## What you have to do
In full and without alteration, write out the lines below.

## Provided material
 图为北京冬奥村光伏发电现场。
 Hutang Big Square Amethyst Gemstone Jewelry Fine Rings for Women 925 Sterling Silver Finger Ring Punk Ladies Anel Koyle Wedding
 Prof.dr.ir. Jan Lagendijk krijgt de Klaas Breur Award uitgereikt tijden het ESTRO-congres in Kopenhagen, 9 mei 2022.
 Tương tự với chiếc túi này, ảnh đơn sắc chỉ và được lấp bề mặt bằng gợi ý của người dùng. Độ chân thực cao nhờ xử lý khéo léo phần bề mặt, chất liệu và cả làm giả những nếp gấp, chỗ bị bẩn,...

## Problem solution
 图为北京冬奥村光伏发电现场。
 Hutang Big Square Amethyst Gemstone Jewelry Fine Rings for Women 925 Sterling Silver Finger Ring Punk Ladies Anel Koyle Wedding
 Prof.dr.ir. Jan Lagendijk krijgt de Klaas Breur Award uitgereikt tijden het ESTRO-congres in Kopenhagen, 9 mei 2022.
 Tương tự với chiếc túi này, ảnh đơn sắc chỉ và được lấp bề mặt bằng gợi ý của người dùng. Độ chân thực cao nhờ xử lý khéo léo phần bề mặt, chất liệu và cả làm giả những nếp gấp, chỗ bị bẩn,...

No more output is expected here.